Exploring the Capabilities of Azure Synapse Spark External Tables


By:   |   Updated: 2021-03-03   |   Comments (1)   |   Related: > Azure Synapse Analytics


Problem

Spark and SQL on demand (a.k.a. SQL Serverless) within the Azure Synapse Analytics Workspace ecosystem have numerous capabilities for gaining insights into your data quickly at low cost since there is no infrastructure or clusters to set up and maintain. Data Scientists and Engineers can easily create External (unmanaged) Spark tables for Data Analysts and Business Users to Query parquet files in Azure Data Lake Storage Gen2. What are some of the capabilities of Spark External Tables within Azure Synapse Analytics?

Solution

In my previous article, Getting Started with Azure Synapse Analytics Workspace Samples, I briefly covered how to get started with Azure Synapse Analytics Workspace samples such as exploring data stored in ADLS2 with Spark and SQL On-demand along with creating basic external tables on ADLS2 parquet files. In this article, we will explore some of the additional capabilities of Synapse Spark and SQL Serverless External Tables.

Pre-requisites

Prior to exploring the capabilities of External Spark Tables, the following pre-requisites will need to be in place:

  1. Create a Synapse Analytics Workspace: The Synapse Workspace is where we will be exploring the capabilities of External tables, therefore a Synapse Workspace along with Synapse Studio will be needed. For more detail, see: Quickstart: Create a Synapse workspace.
  2. Create and Azure Data Lake Storage Gen2 Account: The ADLS2 Account will house the parquet files that will be accessed by the Synapse Analytics Workspace.
  3. Add AdventureworksLT2019 Database Parquet files to ADLS2: The AdventureWorksLT2019 parquet files will be used by the Synapse Workspace to create External Spark Tables. For more information on how to create parquet files from a SQL Database using Azure Data Factory V2, please read my previous article: Azure Data Factory Pipeline to fully Load all SQL Server Objects to ADLS Gen2.
  4. Create a Synapse Spark Pool: The Synapse Spark pool will be used as the compute engine to execute the create external Spark table statements. For more detail on creating a Synapse Spark pool, please read: Quickstart: Create a new Apache Spark pool using the Azure portal.
  5. Create a Synapse Spark Database: The Synapse Spark Database will house the External (Un-managed) Synapse Spark Tables that are created. The simplest way to create the Database would be to run the following command in the Synapse Analytics Notebook using the %%sql command. For additional detail, read: Analyze with Apache Spark.
%%sql
CREATE DATABASE AdventureWorksLT2019 

Types of Apache Spark Tables

There are a few different types of Apache Spark tables that can be created. Let's take a brief look at these tables.

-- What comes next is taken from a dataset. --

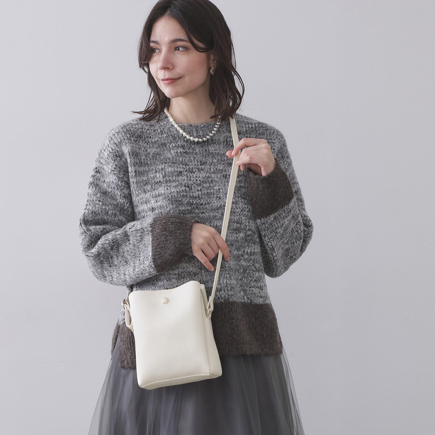 三層仕様が嬉しい!見た目以上に収納力があるスタイリングに合わせやすいシンプルミニショルダーバッグ・軽量のシュリンク合皮素材を使用・表面に凹凸感のある.. |

1) Global Managed Tables: A Spark SQL data and meta-data managed table that is available across all clusters. Both data and meta-data is dropped when the table is dropped.

//Using DataFrameWriter API
dataframe.write.saveAsTable("t")
 
//Using Spark SQL API
spark.sql(CREATE TABLE t (i int) USING PARQUET);

2) Global Unmanaged/External Tables: A Spark SQL meta-data managed table that is available across all clusters. The data location is controlled when the location is specified in the path. Only the meta-data is dropped when the table is dropped, and the data files remain in-tact. Note that the EXTERNAL Keyword does not need to be specified in the spark.sql CREATE TABLE statement as long as the location is specified in the statement.

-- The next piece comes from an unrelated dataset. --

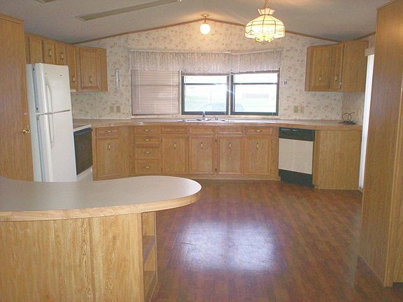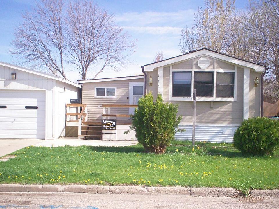 Nice 3 bedroom 16 x 80 1991 Schult Imperial Mobile Home with large entry and front deck. 2 bathrooms (1 pullman). Built-in hutch w/lighting. Large Kitchen and counters. Central Air. Wood Siding. Cement Patio. PP: Range, Refrigerator. $213 lot rent includes 1 stall car garage & city utilities (water/sewer/garbage).
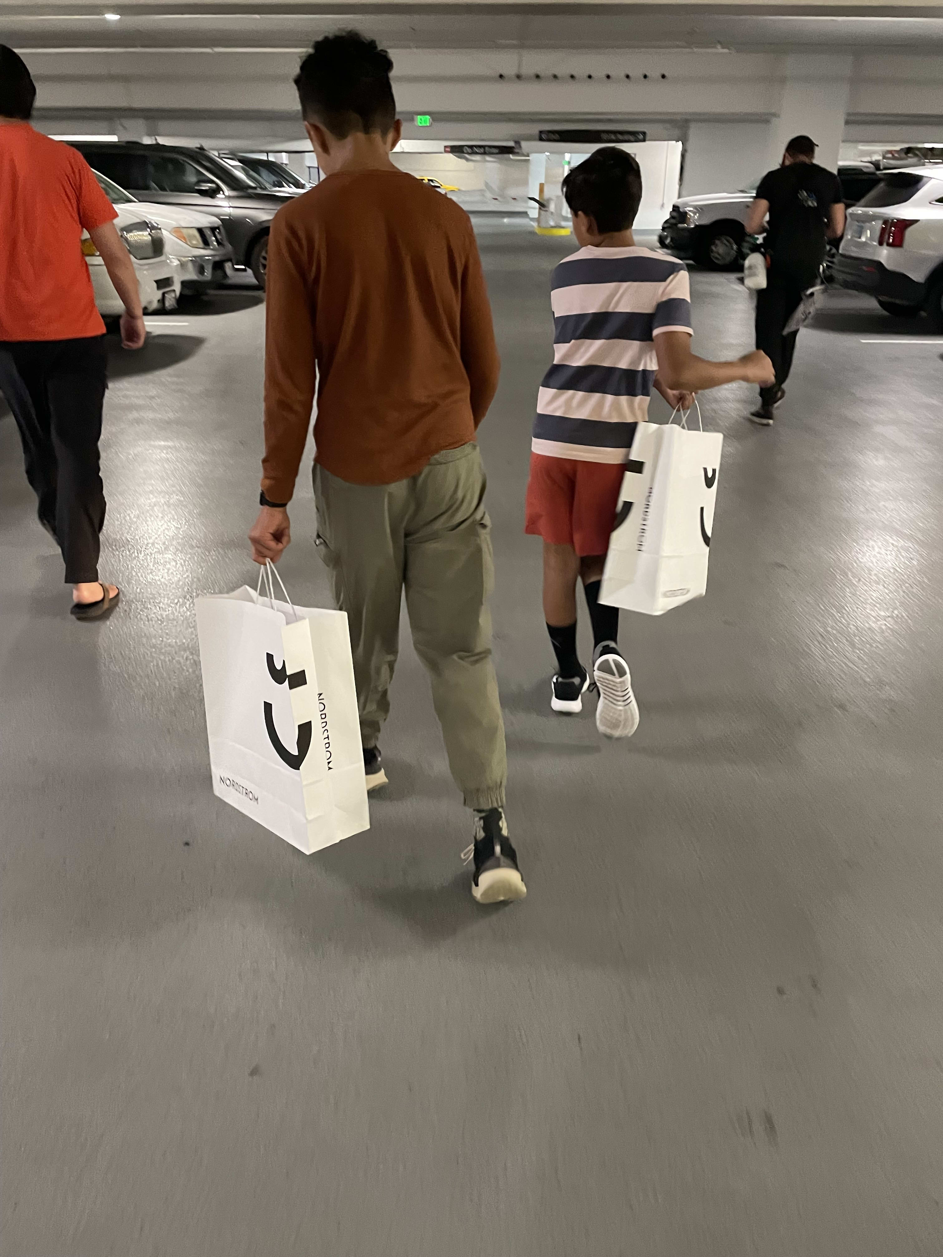 I wanted to plan something exceptionally memorable for the boys, so I decided to take them to a sneaker store. Usually, we get shoes from Costco, and they're perfectly content with that. I persistently suggested those classic Jordans, but they weren't interested in them whatsoever. Mario showed an interest in the Yeezis, but unfortunately, they didn't have them in his size. We went to Nordstrom, where they selected some comfortable and stylish shoes (though, in my opinion, they resemble Costco shoes).

//Using DataFrameWriter API
dataframe.write.option('path', "<storage-location>").saveAsTable("t")
 
//Using Spark SQL API
spark.sql(CREATE TABLE t6 (i int) USING PARQUET OPTIONS('path'='/tmp/tables/t');

3) Global Temporary Views: The View can be shared across different spark sessions or Databricks notebooks.

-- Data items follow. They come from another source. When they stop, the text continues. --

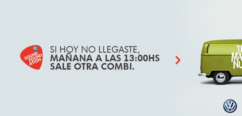 La Automotríz nos invita a subirnos a su mítica Combi en su Fan Page de Facebook para ir al evento. Desde hoy, todos los días hábiles hasta del 29 de noviembre, a las 13:00hs, se abren las puertas de la Combi para que diez fans de Volkswagen Argentina se etiqueten en el posteo de la promo y ganen un par de entradas.
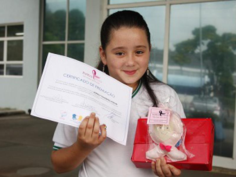 Além dos laços, um concurso que ocorreu entre alunos da rede municipal de ensino por todo mês de setembro resultou em um desenho e um nome do mascote, um simpático e humanizado lacinho rosa feito em feltro pela equipe das aulas de Patchwork do Fundo Social de Solidariedade.
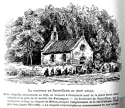 The Lyonnaise chapel was located north of the Place Saint-Clair, before the Croix-Rousse rampart, near the Bastion Saint-Clair.[13] Today, this square is called Louis Chazette.[12] On a cadastral plan dating from 1755 or 1756, the chapel's footprint measures 45 feet long by 19 feet wide.[14][note 1]
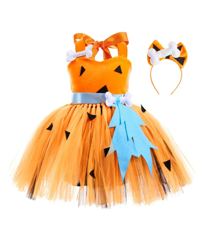 Kids Children Girl stone Age Primitive Tutu Shirt Halloween Stage Costume
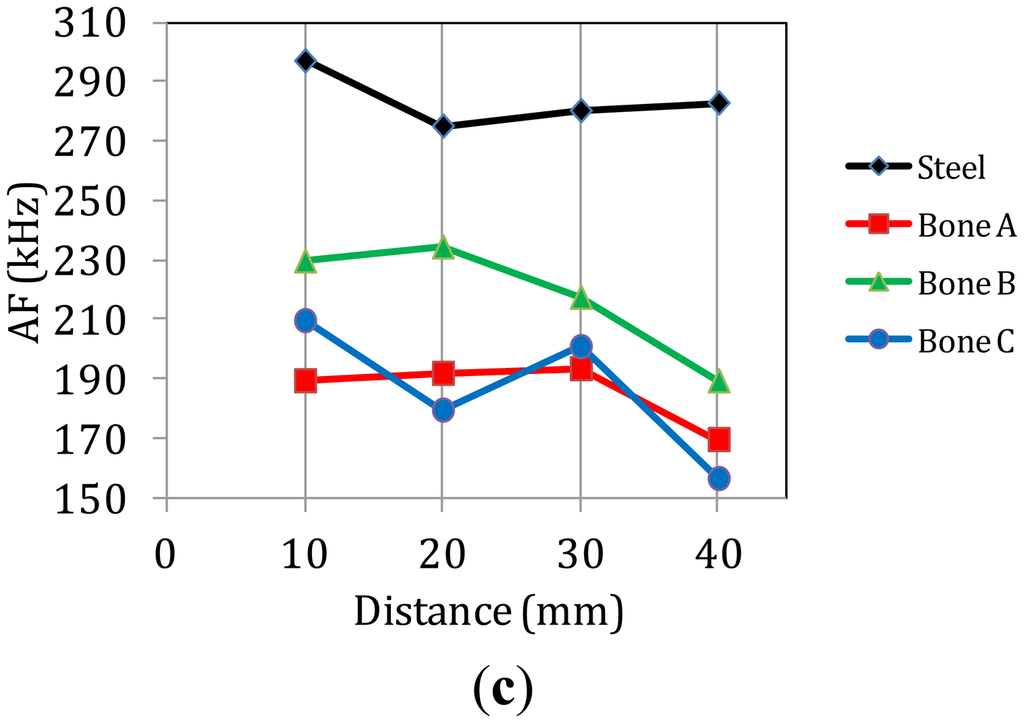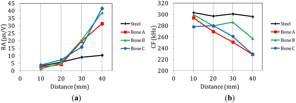 Figure 11a shows the RA for the successive sensors for steel and different bone specimens as a response to the simulated fracture of the pencil lead. The RA of the waveforms captured on steel increases smoothly mainly due to the slower propagation of the Rayleigh that increases the delay between the onset and the maximum (see waveforms of Figure 2). The corresponding increase for the bone specimens is much stronger. The values at the last receiver are more than 10 times higher than the first, a change that occurs for additional propagation of just 30 mm. Specifically, nearby the excitation, RA is always less than 5 μs/V while 30 mm further it approaches 45 μs/V. This alteration by a factor of 10 is too strong and would certainly mask any change owing to the actual fracture mode. Concerning the central frequency (Figure 11b), the pulses in steel do not seem to systematically lose their content with distance since all of them are around 300 kHz. However, again the femur material has a much stronger influence on the frequency content as the CF starts between 280 kHz and 300 kHz for the transducer near-by the excitation but decreases to around 250 kHz 30 mm away for most of the measurements. Figure 11c shows the corresponding trend of AF which although is still a frequency indicator, it is measured through the threshold crossings of the time domain waveform. Despite its seemingly rough and threshold-dependent nature it has proven very powerful for the characterization of cracking modes in different materials. Again a strong decrease is depicted for the bone specimens while the pulses in steel do not seem to clearly lose their AF. These changes in waveform parameters for additional propagation of just a few mm highlight the importance of waveform distortion in AE analysis in heterogeneous media like bone. The need to take distortion into account has been demonstrated for engineering materials where the waveform parameters are used for classification of fracture modes and any distortion of the shape due to scattering is crucial [40]. However, it has not been considered in bio-materials although they are more complex. Therefore, if the aim of AE monitoring is not limited to measuring the accumulated number of AE activities and more specific information is sought for the dominant fracture mechanisms of the tissue and how they are triggered relatively to the applied load, the effect of distortion should be cleared or at least taken into consideration [41].

dataframe.createOrReplaceGlobalTempView("global_view")

4) Permanent Temporary Views: The data frame will be persisted as a permanent view. The view can be created on a Global Managed or Un-Managed (External) table and not on Temp Views or Data frames.

//Only available with Spark SQL API and not DataframeWriterAPI
 
spark.sql("CREATE VIEW permanent_view AS SELECT * FROM t")

5) Local/Temp Tables (Temp Views): Local Tables / Temp Views are not registered in the meta-store and only Spark session scoped, therefore they will not be accessible from other clusters or other Databricks notebooks.

dataframe.createOrReplaceTempView()

Dynamically Create Spark External Tables with Synapse Pipelines

Since we are exploring the capabilities of External Spark Tables within Azure Synapse Analytics, let's explore the Synapse pipeline orchestration process to determine if we can create a Synapse Pipeline that will iterate through a pre-defined list of tables and create EXTERNAL tables in Synapse Spark using Synapse Notebooks within a ForEach Loop that accepts the table names as parameters.

To get started, let's create a new notebook in Synapse Analytics Workspace.

SynapseNotebook Create a Synapse Notebook

The notebook can contain a parameter cell that we will use in the pipeline.

SynapseParameters &#xA;Add a Synapse Notebook Parameter

To specify that this is a parameter cell, we can 'Toggle parameter cell'. Note that I have noticed that not toggling the parameter cell also works if the parameter name matches the defined parameter in the Synapse Pipeline and that it is parameterized in the Synapse Notebook code.

ToggleParameter Toggle the Parameter cell

The notebook will contain the following Code:

from pyspark.sql.functions import *
for tables in {src_name}:
    loc = f"/raw/AdventureWorksLT2019/SalesLT/{tables}"
    spark.sql(f"CREATETABLEIFNOTEXISTSAdventureWorksLT2019.{tables}USINGPARQUETLOCATION'{loc}'")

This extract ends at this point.